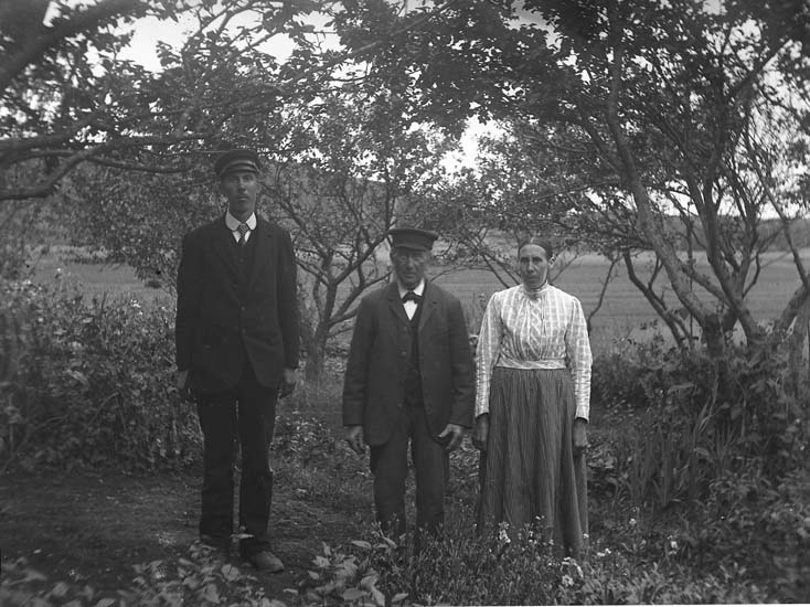 Enligt notering: "Tre vuxna uppställda framför fotografen".
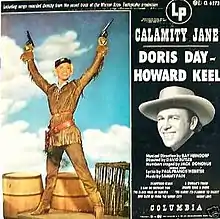 Calamity Jane was the name of a 10" LP album, released by Columbia Records (as catalog number CL-6273) on November 9, 1953, of songs sung by Doris Day and Howard Keel from the movie of the same name. In the UK, the album was also released as a 10" minigroove album by Philips Records, catalogue number BBR8104.
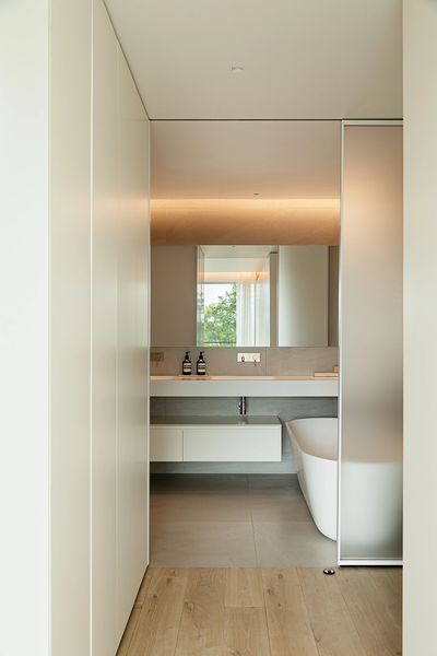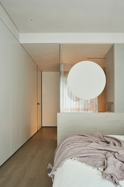 通向卫浴的廊道,光线柔和,隐约能瞥见里面的布局。定制的衣柜线条利落,白色与木色的搭配,既显整洁,又饱含自然气息。
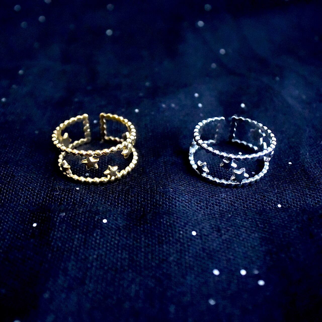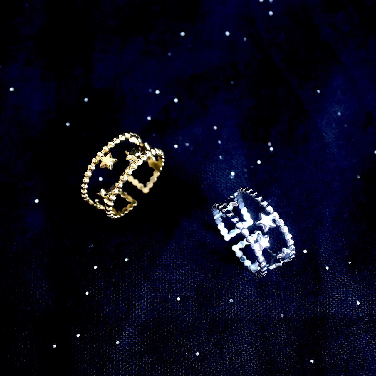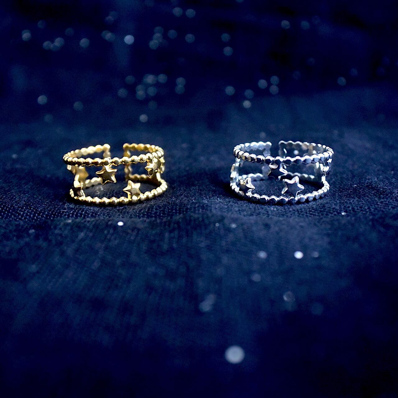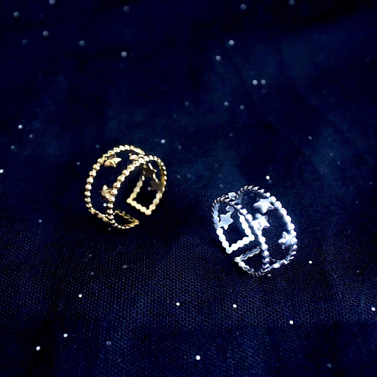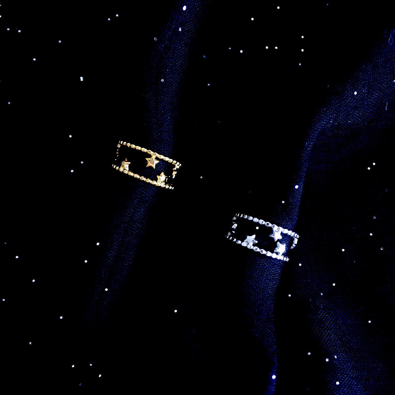 【Aimer le soi】Milky Way 星屑のステンレスリング 調整可能 ゴールド/シルバー
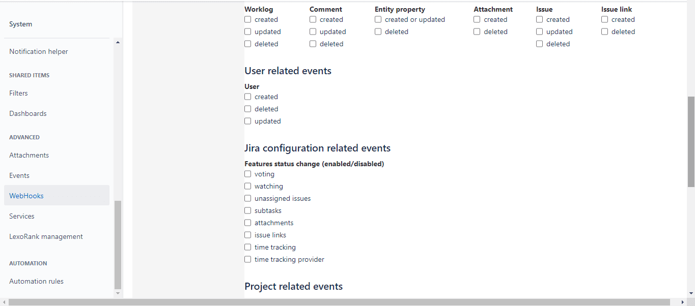 These represent different categories of data payloads that you can send to a Jira webhook. You can check the full list of events available for Jira webhooks in the corresponding Atlassian Developers page.
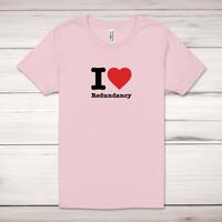 I Love Redundancy Adult T-Shirt\nA novelty unisex adult t-shirt with "I Love Redundancy" printed across the front of a 100% cotton* t-shirt. This novelty t-shirt is great as a gift for any occasion.\nAll of our adult t-shirts are designed and hand-printed in the UK and are manufactured from quality 100% pre-shrunk jersey cotton knit for substantial softness and comfort. When quality, durability and substance count, this is the tee everyone can agree on. Featuring a crew neck, short sleeves, twin needle sleeve and bottom hems and unisex sizing. Available in sizes Extra Small to 5XL*.\n\n*Black & White tees available in sizes XS - 5XL, all other colours available XS - 2XL\n\nSize Guide\nUnisex adult t-shirts are measured around the chest, in inches\n\nXS 32/34"\nS 34/36"\nM 38/40"\nL 42/44"\nXL 46/48"\n2XL 50/52"\n3XL 54/56"\n4XL 58/60"5XL 62/64"\n\nSee more on our clothing size guide (opens in new tab)\n\n\nPlease Note\nAll of our adult t-shirts are hand-printed to order, as a result, colours may vary between prints - images are for illustration purposes only.\n
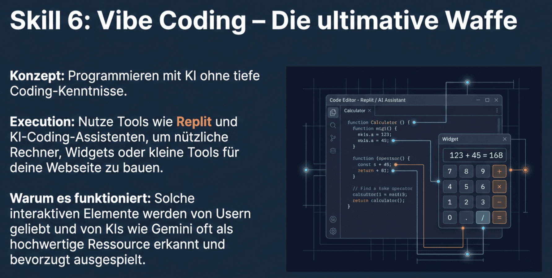 Die ultimative Waffe im KI SEO: Baue eigene kleine Tools. Nathan nutzt Replit und KI-Coding-Assistenten, um nützliche Rechner oder Widgets zu erstellen. Solche interaktiven Elemente werden von Usern geliebt und von KIs wie Gemini oft als hochwertige Ressource erkannt.
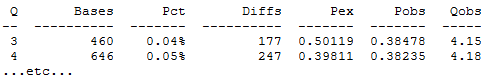 each Q score in the FASTQ files, the number of bases and number of diffs

EXERCISE INSTRUCTIONS ▸
In the copy, only the lines from the one holding "Die ultimative Waffe" through the end of the listing above should appear, retyped exactly, both ends included, with no pictures.

SOLUTION TO THE EXERCISE ▸
 Die ultimative Waffe im KI SEO: Baue eigene kleine Tools. Nathan nutzt Replit und KI-Coding-Assistenten, um nützliche Rechner oder Widgets zu erstellen. Solche interaktiven Elemente werden von Usern geliebt und von KIs wie Gemini oft als hochwertige Ressource erkannt.
 each Q score in the FASTQ files, the number of bases and number of diffs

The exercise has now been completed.